El regulador estaba funcionando bien con una PC conectada y encendida, le conectaron un celular para cargarlo y se apago el regulador quemando el fusible. En el orificio donde va conectado el fusible la descripcion dice 10A-250Vac. Le he comprado fusibles de 10A y quemo 2. Cual sera la causa para que se quemen los fusibles?? Gracias


----------



## Fogonazo (Ago 22, 2010)

1) Algún TRIAC del sistema de regulación en corto.
2) Transformador en corto.
3) Lógica del control y regulación con fallas
4) Tal vez posea un *Varistor* sobre la entrada y esté en corto.
5) Todo lo anterior.


----------



## Sonic1 (Ago 23, 2010)

La tarjeta no posee triac. Le conecte otro transformador e igual quemo el fusible. Le quite los varistores (3) y sigue teniendo la misma falla. Pienso q es el integrado LM339N pero no tengo otro para corroborar. Dejo foto dl circuito para mayor referencia


----------



## Fogonazo (Ago 28, 2010)

Sonic1 dijo:


> La tarjeta no posee triac. Le conecte otro transformador e igual quemo el fusible. Le quite los varistores (3) y sigue teniendo la misma falla.
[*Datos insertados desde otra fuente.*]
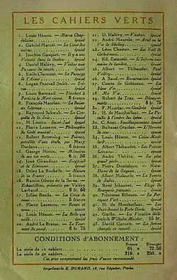 - ↑ Les Cahiers verts sur le site Livresanciens-tarascon.blogspot.com.

Pienso q es el integrado LM339N pero no tengo otro para corroborar. Dejo foto dl circuito para mayor referencia



Revisa los relees:
Que no estén carbonizados por dentro.
Con exceso de metalización.
Con los contactos soldados (Que no abren).


----------



## maximoss3500 (Sep 7, 2010)

hola vi este poss y quise colocar aqui mi duda?? 
tengo 2 reguladores de PC pero que supuestamente no funcionan correctamente!! uno de ellos es que tiene problemas de encendido o se apaga repentinamente o con falso contacto en el interruptor de encendido, y el otro que no quiere trabajar con la pc y se apaga, este le enchufaron un TV y al rato el regulador se apago, otra es que le enchufaron una secadora de pelo o no se de que e igual al ratico se apaga....... yo los enchufo y enciendo y prenden de una les conecto una fuente ATX y siguen fun*CION*ando  no se que puede ser.........
Yo al regulador que actualmente esta fun*CION*ando en mi PC, hace un tiempo le conecte un secador de pelo y poff se apago con todo y PC, haciendome entender que los reguladores no son para ese tipo de cosas ........

Espero que me puedan ayudar , o acerme entender que puede producir la falla o que los reguladores no son para enchufar planchas y cosas que consuman vastante jeje


----------